La tâche principale de la communauté internationale sera alors de trouver une solution pour assurer une paix véritable, et ne pas permettre un conflit gelé ou latent aux frontières de l’Europe qui constituerait une menace permanente.

Je suis fier de la façon dont l’Occident a travaillé ensemble pour répondre à la guerre au moment le plus important. Nous avons découvert la capacité de nous mettre d’accord sur des questions critiques et d’agir rapidement.

Cependant, nous devons également rester investis en Ukraine dans les mois et les années à venir, alors que le succès dépendra davantage d’une planification stratégique minutieuse, d’une détermination partagée et d’une recherche difficile de consensus – en particulier dans une situation où les combats se calment partiellement et où le monde occidental se retourne se concentrer davantage sur ses propres problèmes internes, principalement la sécurité énergétique.

Quoi qu’il en soit, l’avenir de l’Ukraine est si crucial qu’il doit tout simplement rester une priorité.

2022 nous a rappelé ce qui fait la grandeur de l’Occident et quelles sont nos forces. C’est grâce aux valeurs fondamentales qui ont donné naissance à notre monde – l’inviolabilité de la vie humaine, la protection des faibles, le respect des contrats, la liberté d’action et une société ouverte – que nous restons la civilisation la plus aboutie de l’histoire.

Le contraste avec la « voie russe » ne pourrait être plus grand.

La Russie a essayé de construire un nouveau monde tout au long de son histoire moderne. Cependant, la vision de ce monde n’est pas celle d’un avenir meilleur. Au lieu de cela, la Russie semble délirer de fièvre, apportant la souffrance à tous. Il n’a aucun respect pour la vie humaine, détruisant des dizaines de milliers de personnes ces derniers mois.

Nous avons longtemps ignoré et toléré les risques posés par le régime russe – même s’il y avait plus qu’assez de preuves du contraire. Depuis l’effondrement de l’Union soviétique en 1991, nous avons été soit trop naïfs, soit trop insouciants dans notre approche de Moscou. Espérons que la guerre en Ukraine y ait définitivement mis un terme.

Après des mois, nous avons enfin engagé envers l’Ukraine ce que nous aurions dû faire après l’occupation illégale de la Crimée en 2014. Nous nous sommes engagés à des sanctions, à l’isolement diplomatique et à la recherche de fournisseurs alternatifs de matières premières. Et compte tenu de nos connaissances et de notre expérience, nous devons maintenant réfléchir très attentivement à ce que nous devons faire exactement ensuite.

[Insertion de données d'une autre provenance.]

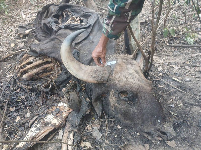 ในขณะที่เดียวกันสถานการณ์จากไฟป่าสืบสวนพบหลักฐานการล่ากระทิงในพื้นที่ชุมชนแม่คะเมยบนบ้านท่าเสลา ต.ยางน้ำกลัดเหนือ อ.หนองหญ้าปล้อง จ.เพชรบุรี โดยเจ้าหน้าที่นำซากสัตว์กลับมาชันสูตรหาสาเหตุการตายเพื่อเป็นหลักฐานยืนยัน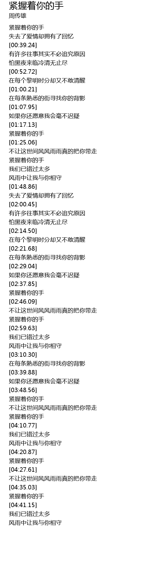 | [01:34.00] | 紧握着你的手 |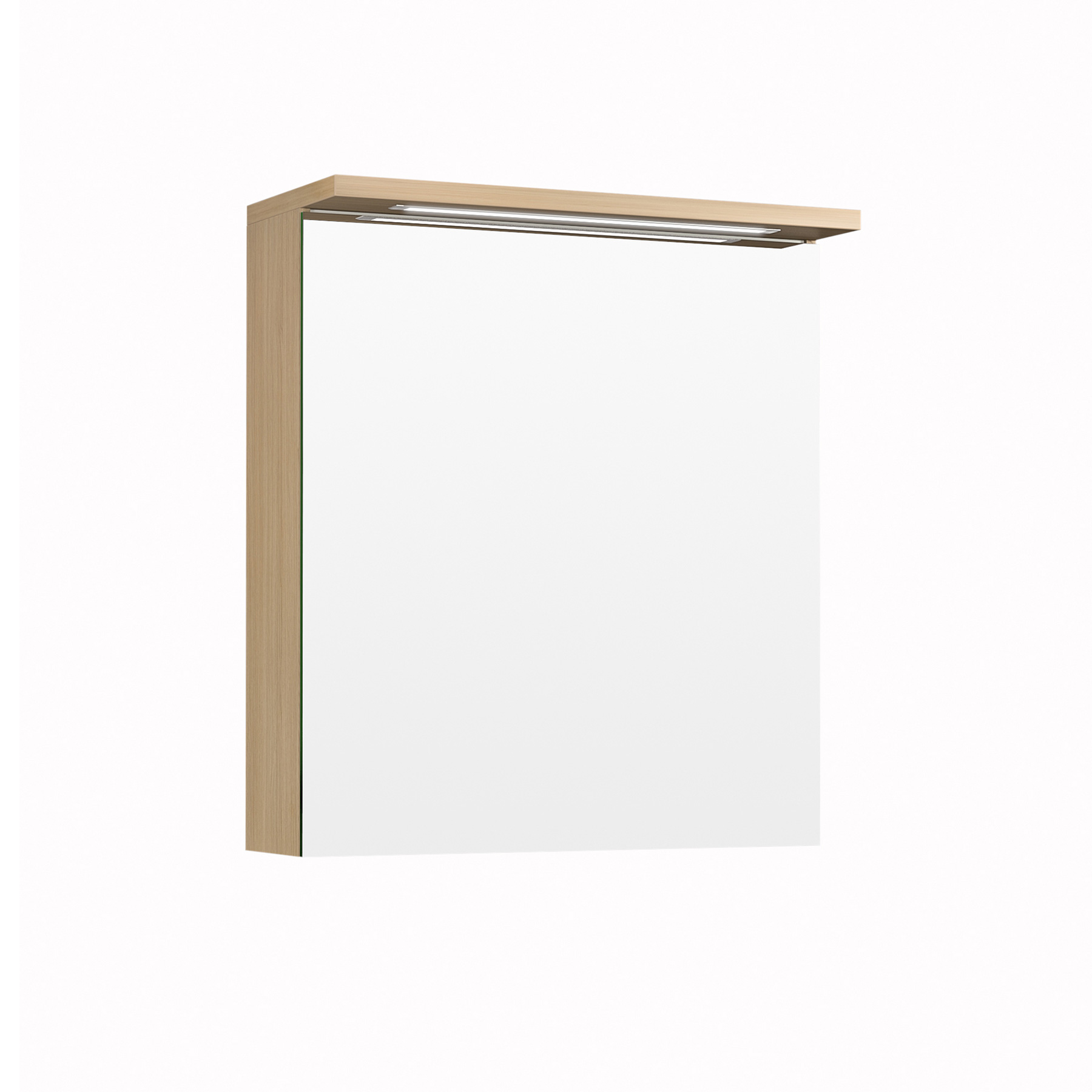 Spegelskåp Temal Highlight med LED-Belysning och en dörr är ett exempel på hur skönhet och praktiska egenskaper smidigt kombineras. LED-profilbelysningen i rampen och i botten av spegelskåpet gör att ljuset både faller över spegeln och tvättstället.
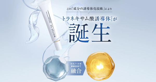「WHITOP EX」の主要成分であるトラネキサム酸誘導体の専門的な特徴については、図解やイラストを用いた視覚的なアプローチで表現。難解な情報でもスムーズに理解できるように構成されており、購入意欲を高める工夫が随所に施されています。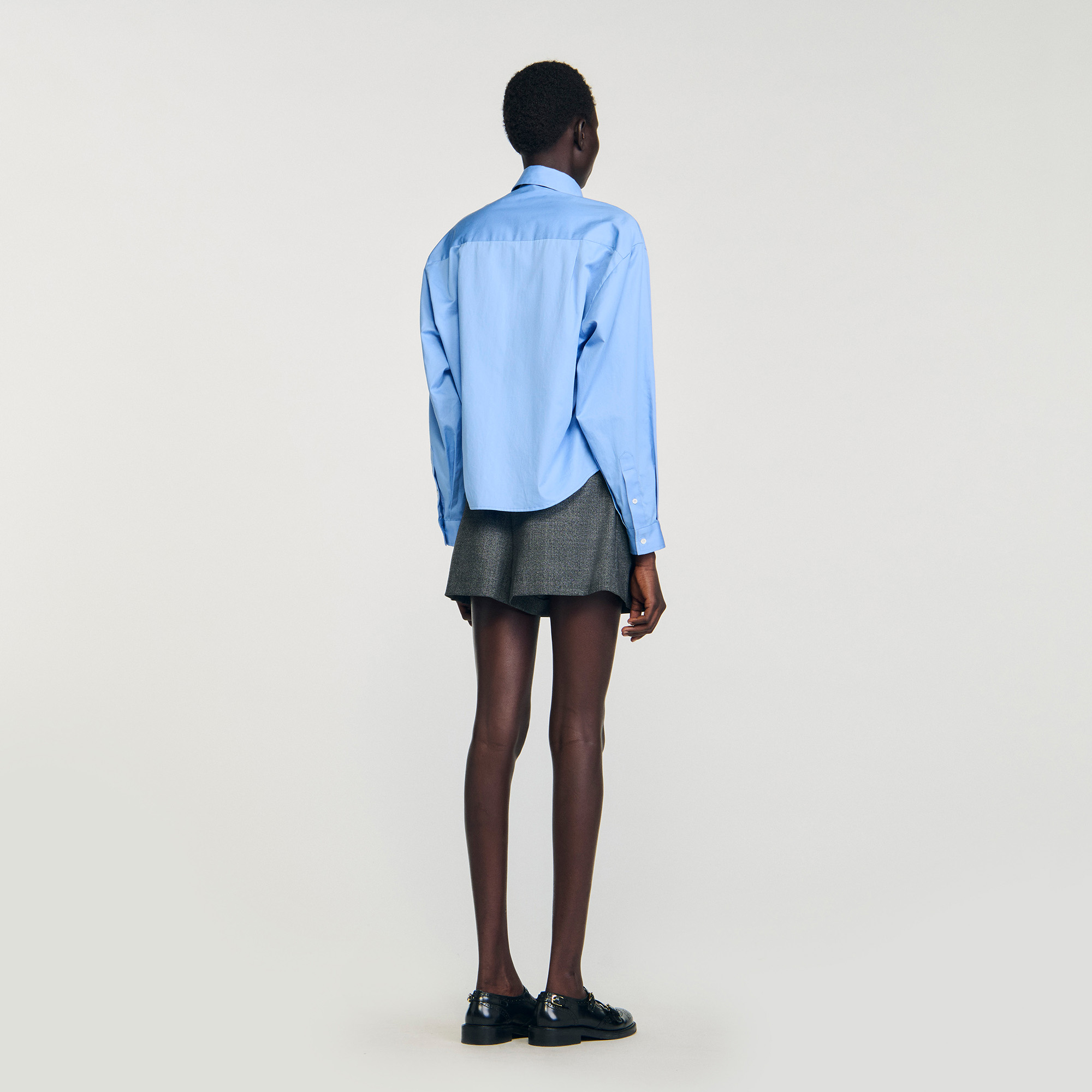 Sandro cotton Oversized cropped plain shirt with a shirt collar featuring a removable contrasting tie, long sleeves with buttoned cuffs, button fastening and an asymmetric hem.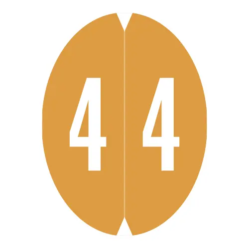 Orange GBS Compatible Oval Numeric Labels of size 1-1/2″ X 1-1/8″ with Individual Number “4”, Laminated Stock, Packaged in Roll of 500

Nous ne pouvons tout simplement pas nous permettre de refaire les mêmes erreurs.

La guerre en Ukraine a ébranlé le monde, mais elle nous a aussi donné l’occasion de revitaliser nos institutions fondamentales. Nous sommes maintenant beaucoup plus conscients de ce qui est essentiel et de ce qui est secondaire ; ce que nous devons faire pour notre sécurité et combien il est impératif pour nous de rester forts afin de préserver la paix.

Ces derniers mois, beaucoup ont retrouvé leur foi perdue dans notre civilisation. Mais des mois et des années difficiles nous attendent encore. Essayons d’en tirer le meilleur parti.